Ascenté construction was inspired by the design breakthroughs we had with our Kaplan line of strings. The synthetic core and synthetic winding construction – a feature unique to D’Addario – combined with special alloys allowed us to achieve our goals for tone, stability, and durability.
Ascenté strings are balanced and bright, expanding the player’s tonal palette with sophistication and consistency. They get their unique sound from their core, which is made of a “super low stretch” variant of the same synthetic material found in most professional violin strings. Our Zyex, Kaplan, and now Ascenté lines all use polyether ether ketone (PEEK for short) in the core.
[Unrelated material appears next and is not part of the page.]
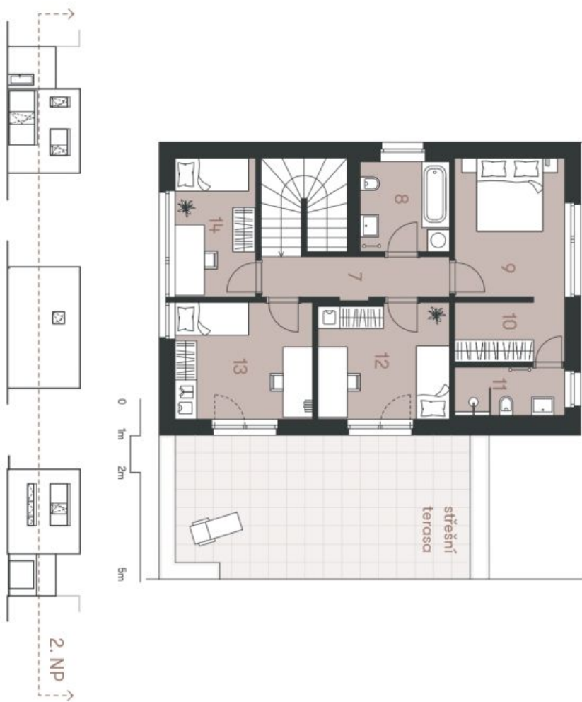
Schéma podlahy 2. NP domu představuje úpravitelný plán domu. Kuchynská linka a nábytkové řešení součástí dobovy domu, zatímco je zobrazeno pouze pro referenci. Specifikace pro kování, lince, povrchové úpravy a rozích vložení je předehlem přílohy "Standard nemovitosti". Developer si vyhrazuje právo na změny a upřesnění bez předehleho upozornění.

During manufacturing this core is processed specifically to minimize stretch under constant tension (sometimes called creep), making these strings incredibly pitch stable.
Playability and feel under the fingers were important to us too. The synthetic core already provides a huge improvement over steel, but we also wanted to choose winding materials that feel great while playing. We chose a copper / nickel alloy called monel for the outermost winding of the G and D strings. Monel has a silky smooth surface, is harder than silver, and has the additional benefit of being highly corrosion-resistant! As a matter of fact, this material is often used with salt water applications for exactly this reason.
As in Kaplan violin strings, Ascenté G, D, and A strings use an additional high tech synthetic wrap for torsional stiffness (resistance to twisting while bowing) inside the string. This had significant ramifications with regard to A-string construction. Traditional A-string construction utilizes two extremely thin wraps of aluminum over the core to achieve the torsional stiffness and mass per unit length necessary to vibrate at 440 Hz. That super thin outer layer of aluminum wears out quickest, which is why you might find that your A-string is frequently the first to need changing. Since Ascenté uses that special synthetic wrap inside the string, we were able to consolidate the two thin aluminum layers into a single thicker aluminum wrap. It’s twice as thick as any other A-string’s outermost winding, giving it a significantly longer string life while maintaining the same diameter, great playability, and powerful sound!
That should answer just about any question you had about the new strings, except for one. Why is the silking orange? That’s a story for another day.